According to Selinger, the legislation in NSW has historically been enforced more vigorously than in other jurisdictions, but most regulators initiate a prosecution only if it is in the public interest and they have a good prospect of success. "Under the new Act, there is likely to be more of an emphasis on education and co-operation between the regulator and business," he says.

"We will not really know the answer to whether there's likely to be fewer prosecutions until the new Act is implemented - at the end of the day, how it is enforced will be the key factor. The regulator will still have plenty of enforcement tools and there is likely to be a uniform enforcement policy applied across the country."

On the other hand, Foster says he believes the onus of proof belongs with employers.

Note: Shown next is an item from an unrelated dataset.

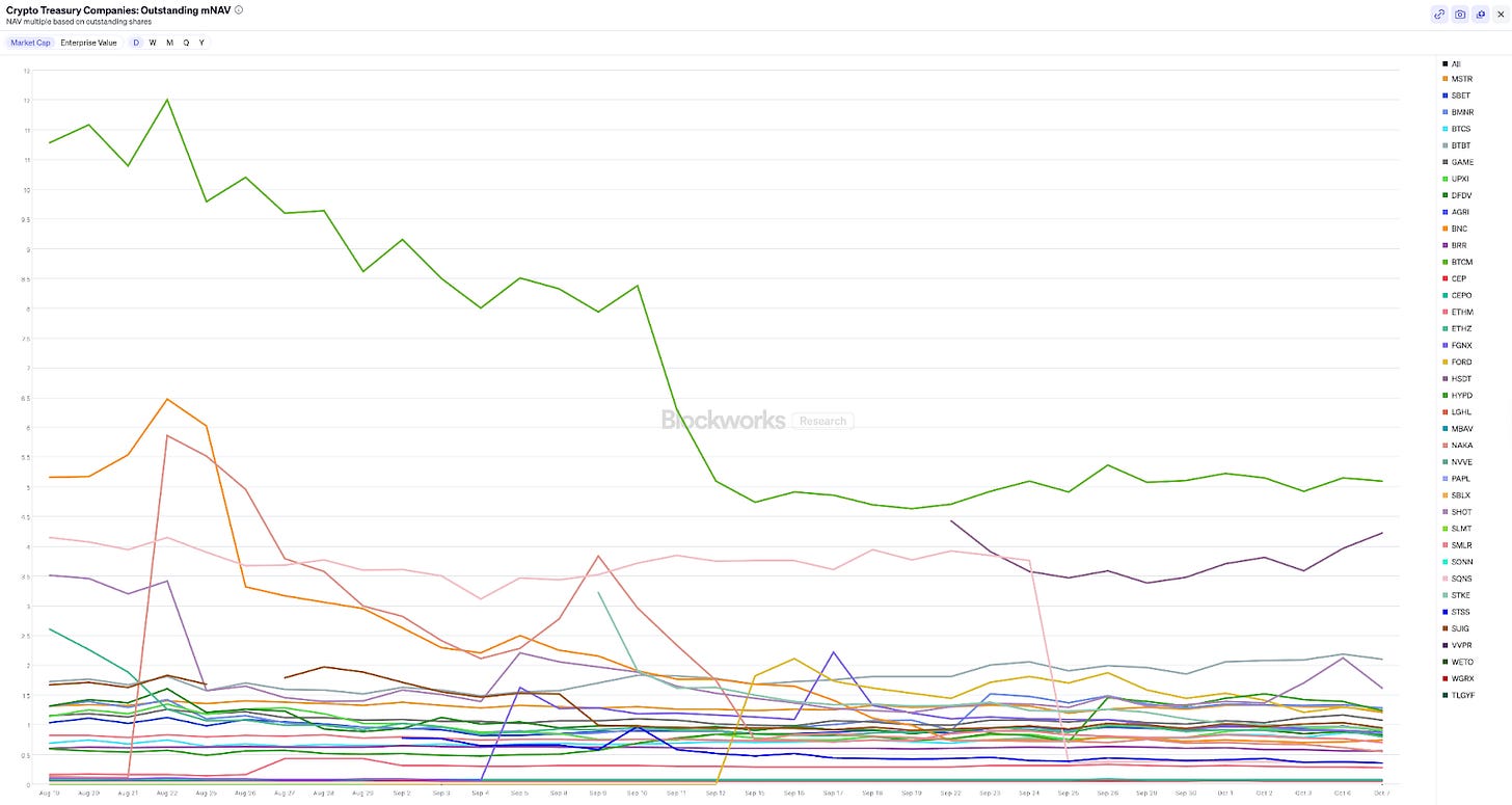 Estimates of the total assets held by all the DATs vary greatly because tracking hundreds of companies and their asset purchases is difficult. The Block quotes the value of assets held by DATs at $155 billion versus Blockwork’s $113 billion. Bitcoin is by far the most dominant asset, comprising more than 85% of the aggregated NAV.

"The Model Act has been legitimately described as a 'race to the bottom'," he says. "The onus of proof should be placed on employers because they have the greatest control over safety: how hard people work; safety procedures; how money is spent; and safety policies. There is still a lot of carelessness in workplaces and WorkCover sensibly doesn't launch prosecutions unless there is a good chance the employer is guilty and hasn't taken reasonable precautions. I think the NSW safety system has been working well."

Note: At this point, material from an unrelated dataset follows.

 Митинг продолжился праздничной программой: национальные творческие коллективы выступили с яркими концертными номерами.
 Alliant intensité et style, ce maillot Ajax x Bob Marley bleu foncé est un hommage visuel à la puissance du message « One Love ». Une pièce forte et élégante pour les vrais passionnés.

Henry Davis York special counsel Scarlet Reid says the impact of reversing the onus of proof is uncertain. "From a practical perspective, this could make convictions more difficult to obtain in New South Wales. In the absence of any changes that stipulate which courts hear prosecutions at first instance, it remains to be seen if this is, in fact, the case. It is questionable as to whether real uniformity can be achieved without examining this important issue."

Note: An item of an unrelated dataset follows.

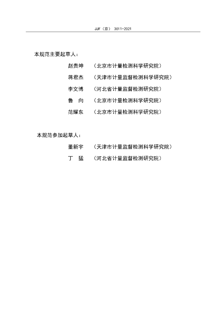 赵贵坤(北京市计量检测科学研究院)、蒋君杰(天津市计量监督检测科学研究院)、李文博(河北省计量监督检测研究院)、鲁向(北京市计量检测科学研究院)、范耀东(北京市计量检测科学研究院)、董新宇(天津市计量监督检测科学研究院)、丁猛(河北省计量监督检测研究院)
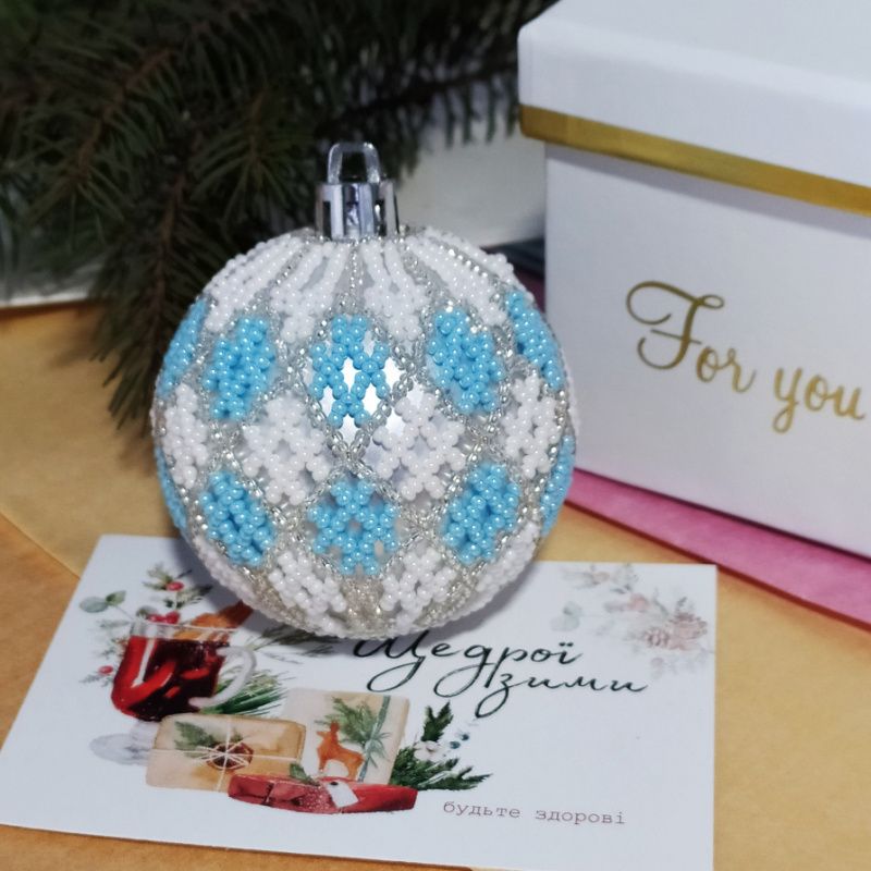 Яркое украшение к празднику, оригинальный подарок коллеге или дорогому человеку. ⠀ Новогодняя игрушка ручной работы. Декорирована в технике бисероплетения бисером и бусинами. Диаметр шара 6,5 см. Каждая игрушка упаковывается в подарочную коробку.

Reid says employers are likely to benefit from other changes under the proposed Model Act. "Defendants in NSW and Queensland should benefit from the proposed expanded appeal rights," she says. "Defendants in NSW may also find comfort in the proposal to abolish the prosecutors' right to appeal against an acquittal."

If, indeed, employers are the winners under the changes, unions, which will lose the right to launch prosecutions, are protesting vigorously against the proposed Model Act, claiming it would be detrimental to safety. Foster agreed.

"The changes to be brought in under the harmonisation process send a message from government to employers - safety has been too tough and we're not so worried about it anymore," he says. "It's very sad."